Force est de constater que le vrai problème qui motive cette démarche que d’aucuns jugent anti-démocratique est celui du seuil de représentativité. Nombre des signataires de la requête tendant à faire invalider la nouvelle loi électorale émargent des listes de petits partis politiques menacés par les prochaines joutes électorales et appelés par la force des choses, soit à mettre la clef sous la paillasson faute d’atteindre le seuil de représentativité, soit à se fédérer pour former de plus importants regroupements et espérer atteindre ce seuil pour survivre. « C’est ce qui explique la présence d’une Odette Babandoa ou d’un Henri-Thomas Lokondo ou encore de Christophe Lutundula dans ce groupe. Tous font partie de partis politiques dont ils sont à la fois les présidents fondateurs et les seuls élus », explique au Maximum un élu PPRD goguenard.

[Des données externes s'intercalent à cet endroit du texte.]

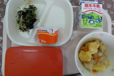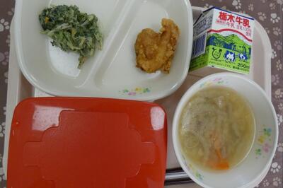 今日の給食は、とりのから揚げ、ごぼうのサラダ、いものこ汁、ごはん、牛乳でした。エネルギー608kcal、たんぱく質22.3g、脂質20.7gでした。ごちそうさまでした。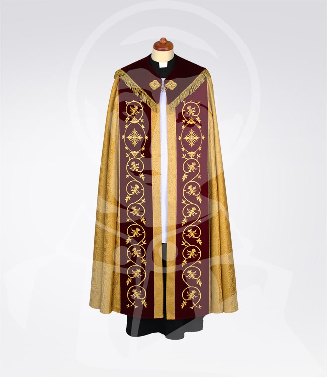 Capa de asperges Dourada e Bordô em Tecido Damasco e Tecido Veludo Bordado

Membre de l’UNC de Vital Kamerhe jusqu’à il y a peu, Odette Babandoa a abandonné cette formation politique disposant d’un certain nombre d’élus sur un coup de tête pour son Union des Patriotes Républicains (UPR), un parti politique enregistré en 2004, qui ne compte aucun élu et qui a peu de chances aux prochains scrutins d’afficher plus de 1% de l’ensemble des électeurs effectifs sur le territoire de la RDC. Il en est de même d’Henri-Thomas Lokondo dont le parti politique, l’Union Congolais pour la Liberté a son siège à la 14ème rue Limete. Il ne compte qu’un élu national, lui-même. A la tête du Mouvement Solidarité pour la Démocratie et le Développement (MSDD), le G7 Christophe Lutundula est bien lui aussi l’unique élu de ce parti politique dans son fief sankurois de Katako-Kombe.
Les signataires de la requête déposée lundi dernier à la Cour Constitutionnelle sont donc des condamnés à la mort politique si les articles de la nouvelle loi électorale relatifs au seuil de représentativité ne sont pas abrogés. Et il y a peu de chances qu’ils le soient, selon certains observateurs qui notent qu’en l’espèce, l’initiative de ces élus met à mal le sacro-saint principe de la séparation des pouvoirs. « On voit mal comment la cour constitutionnelle prendrait une décision qui infirme des procédures parlementaires par ailleurs réputées conformes au règlement d’ordre intérieur et à la constitution », explique ce juge dans un tribunal de Kinshasa.
J.N.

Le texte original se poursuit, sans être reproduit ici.